This delicious Chili Con Queso recipe is the ultimate party dip! Loaded with flavorful no bean chili, gooey Monterey jack and cheddar cheeses, spicy jalapenos, and juicy tomatoes, this dip is the perfect addition to any gathering.
|½||medium onion, finely chopped|
|3||jalapeño peppers, finely chopped|
|2||garlic cloves, minced|
|2||medium tomatoes, chopped|
|1||cup shredded Monterey Jack cheese|
|1||cup shredded cheddar cheese|
|1||(15-ounce) can STAGG® CLASSIC® Chili No Bean, heated|
|Suggested Toppings: Pico de Gallo, guacamole, sour cream and chopped cilantro|
In medium saucepan over medium heat, melt butter.
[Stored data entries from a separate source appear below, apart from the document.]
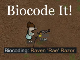 Porting this mod to 1.5 got me into Rimworld-modding! I just wanted this mod so bad in my game. The main appeal of using it for me is by the way not theft, but colony whealth concerns. It's amazing to be able to just biocode expensive guns and armor to bring down colony value. It is also totally immersive for me, because of course raiders wouldn't come steal our stuff because they know we biocode the best things.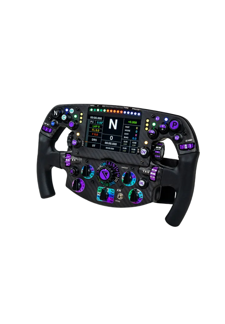 PW1 odwzorowuje konstrukcję kierownicy bolida Formuły 1 – wykonany z włókna węglowego, wyposażony w czytelny wyświetlacz i pełen zestaw elementów sterujących. Średnica uchwytu 280 mm daje precyzję i poczucie autentycznej jazdy F1 w Twoich rękach.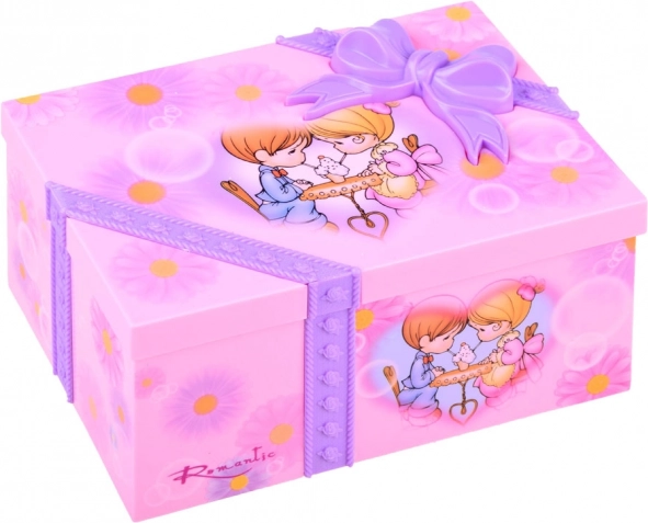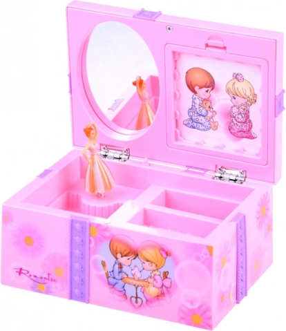 Dette charmerende smykkeskrin i rosa toner er dekoreret med blomster og søde illustrationer af en pige og en dreng. Når låget åbnes, drejer ballerinaen rundt, og en behagelig melodi skaber en eventyrlig atmosfære ved den daglige pyntning og opbevaring af smykker.

Cook onion, jalapeño peppers and garlic 6 to 8 minutes or until tender. Add tomatoes. Cook 3 to 5 minutes or until juices have evaporated. Stir in flour; cook 1 minute. Whisk in milk; cook 4 minutes or until mixture comes to a boil and thickens. Remove from heat. Add cheeses, stirring to melt.
Pour hot chili into 2-quart baking dish. Top with heated queso. Garnish with suggested toppings and serve with tortilla chips.